Absent trust, such a project can lead to tongues wagging. According to Lokule, those who didn’t know him before the vote to collect money from residents called him names. “Whenever I passed by a homestead, people started whispering. When I wore a clean cloth, they claimed I was enjoying the money collected for the registration of plots,” Lokule said. He said that some branded him Abukersha (local Arabic for potbelly). “Yet, I have always been a fat man,” Lokule says. “My track record here speaks for itself – (I have no bias towards) corruption, except (towards) serious service to my people.”

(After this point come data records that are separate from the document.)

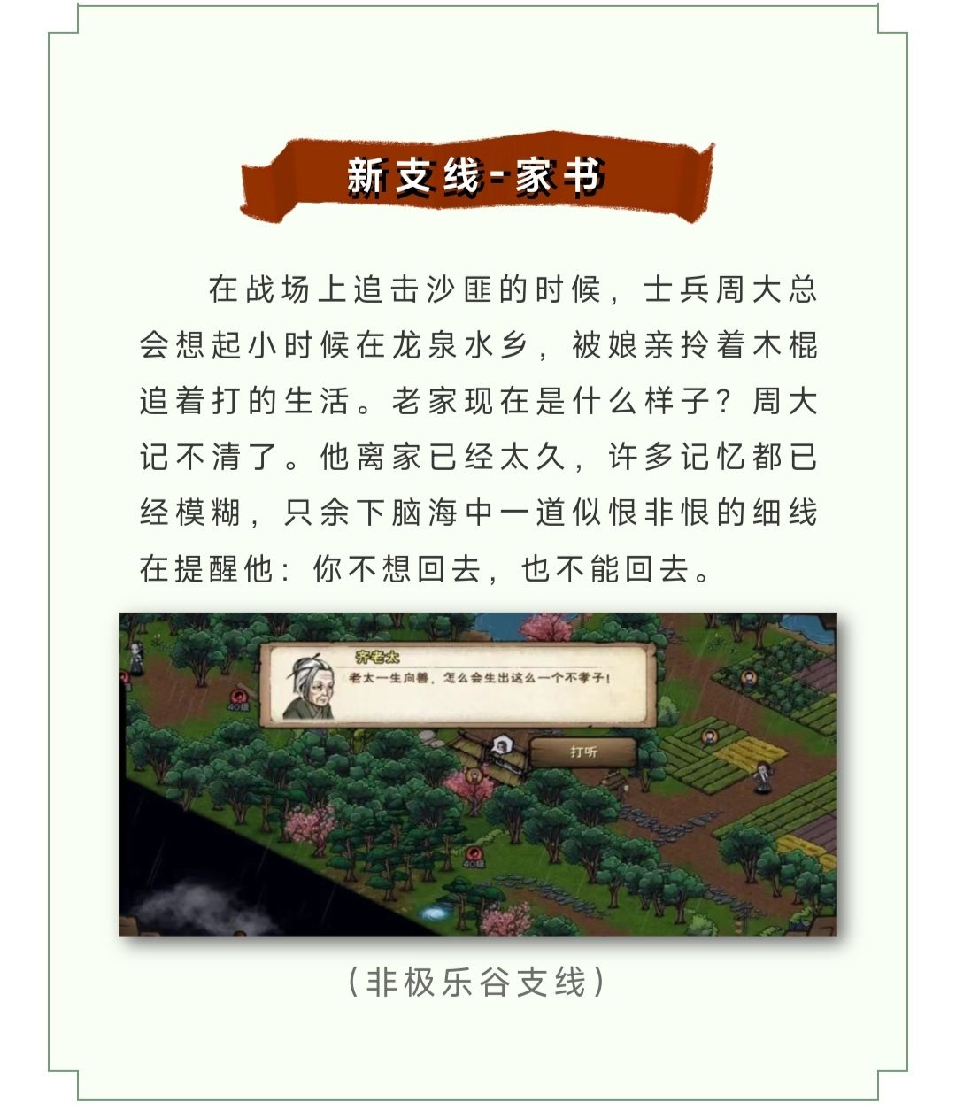 一看上去就是“强行安利悲剧”,没有啥新意。烟雨江湖大多的支线都是悲剧结尾,有人觉得“活着”就算是好结局。那这个标准可太低了。(这就是烟雨江湖世界观的标准)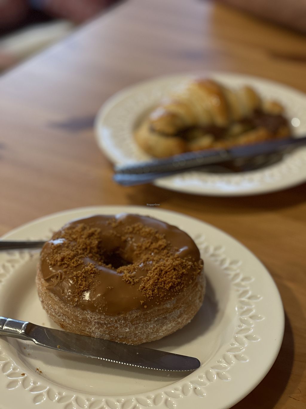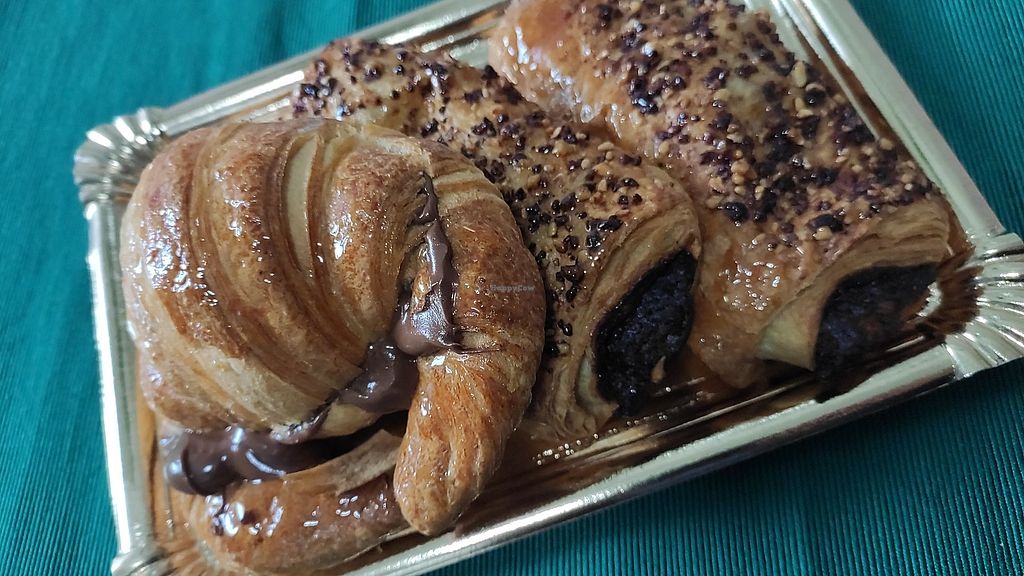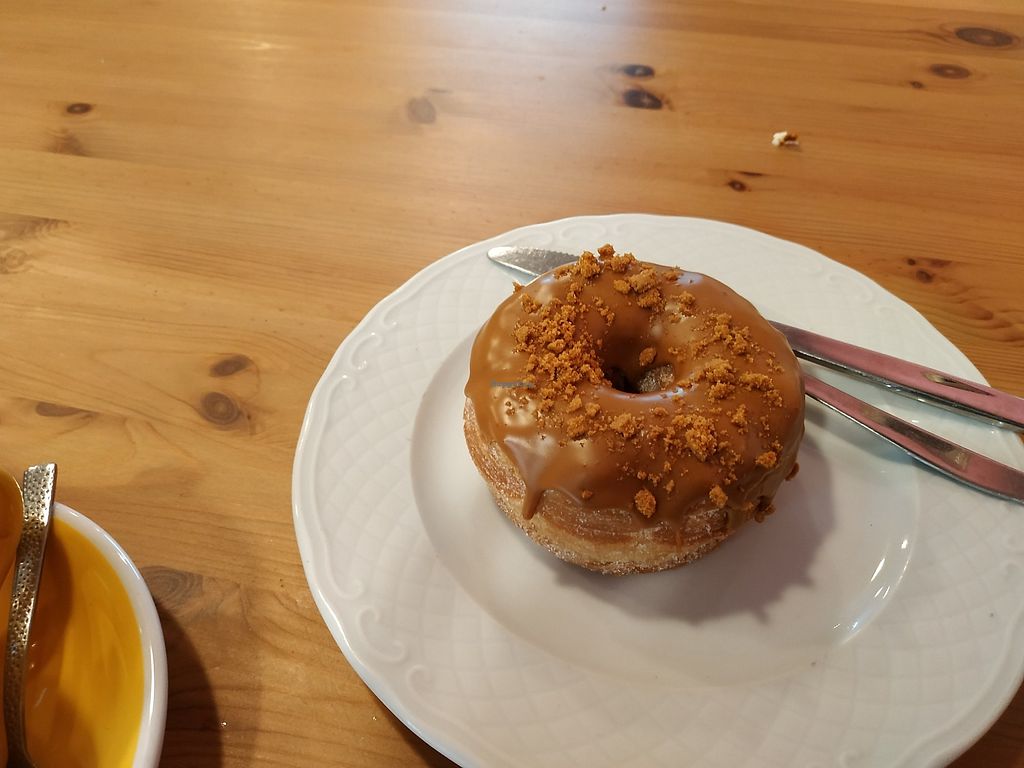Cronuts espectaculares. El resto de dulces veganos también están muy ricos. Tienen varias opciones de leche vegetal y también venden nutella vegana casera al peso!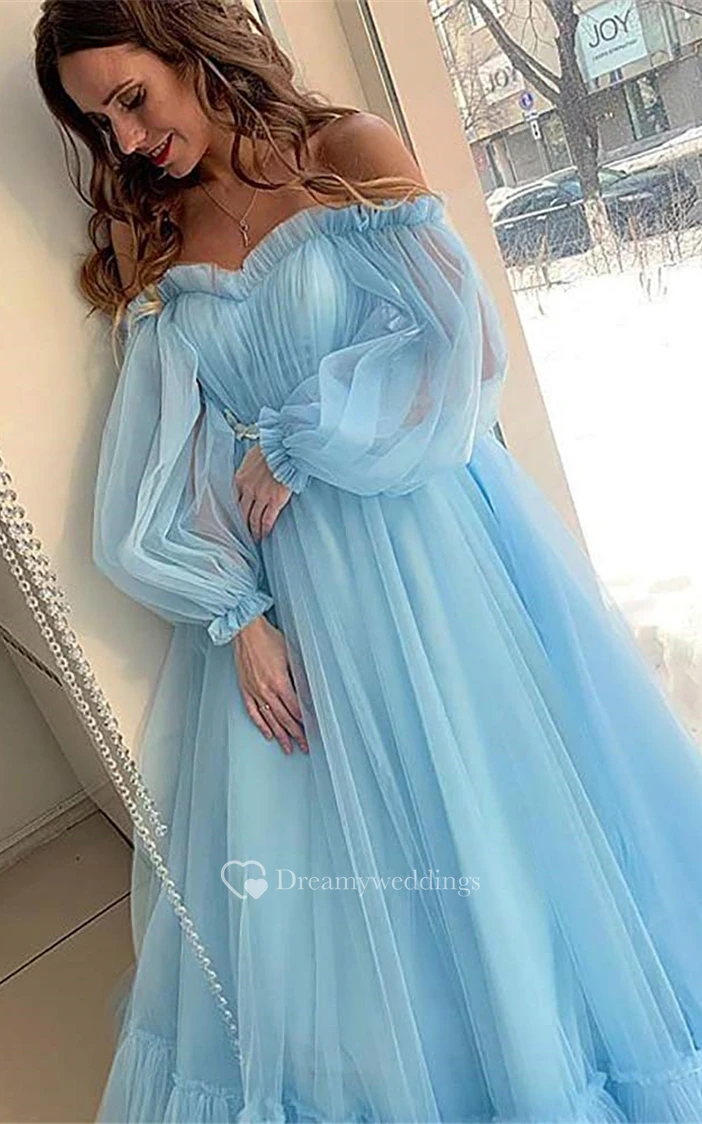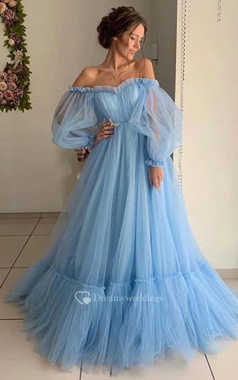 Tulle Floor-length Brush Train Ball Gown Long Sleeve Ethereal Prom Dress with Ruffles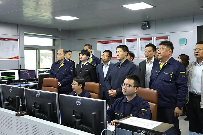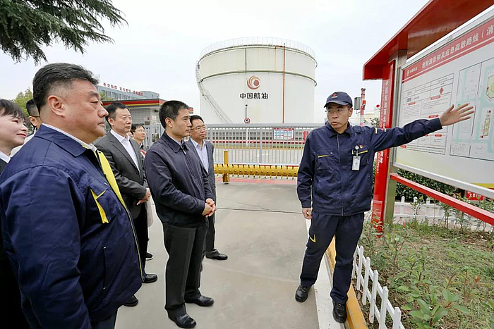 在中國航油機場油庫,徐大彤了解了油庫規模、運輸存儲、安全管控和供應保障情況,詢問了保稅航油工作進展,希望油庫確保質量、供應量,為建設西安國際航空樞紐、發展樞紐經濟貢獻力量。

Lack of integrity is the reason such a community led project may not work in many other areas, Lokule says. In South Sudan, Chiefs are generally known to not account for community contributions. Lokule says that the reason other areas and area chiefs have failed to mobilize their residents for such projects is because of the lack of integrity among elected block and parish leaders. “There are some of my colleagues who prey on every little thing that the community raises – be it from market collections or dispute resolutions fines”, he explains.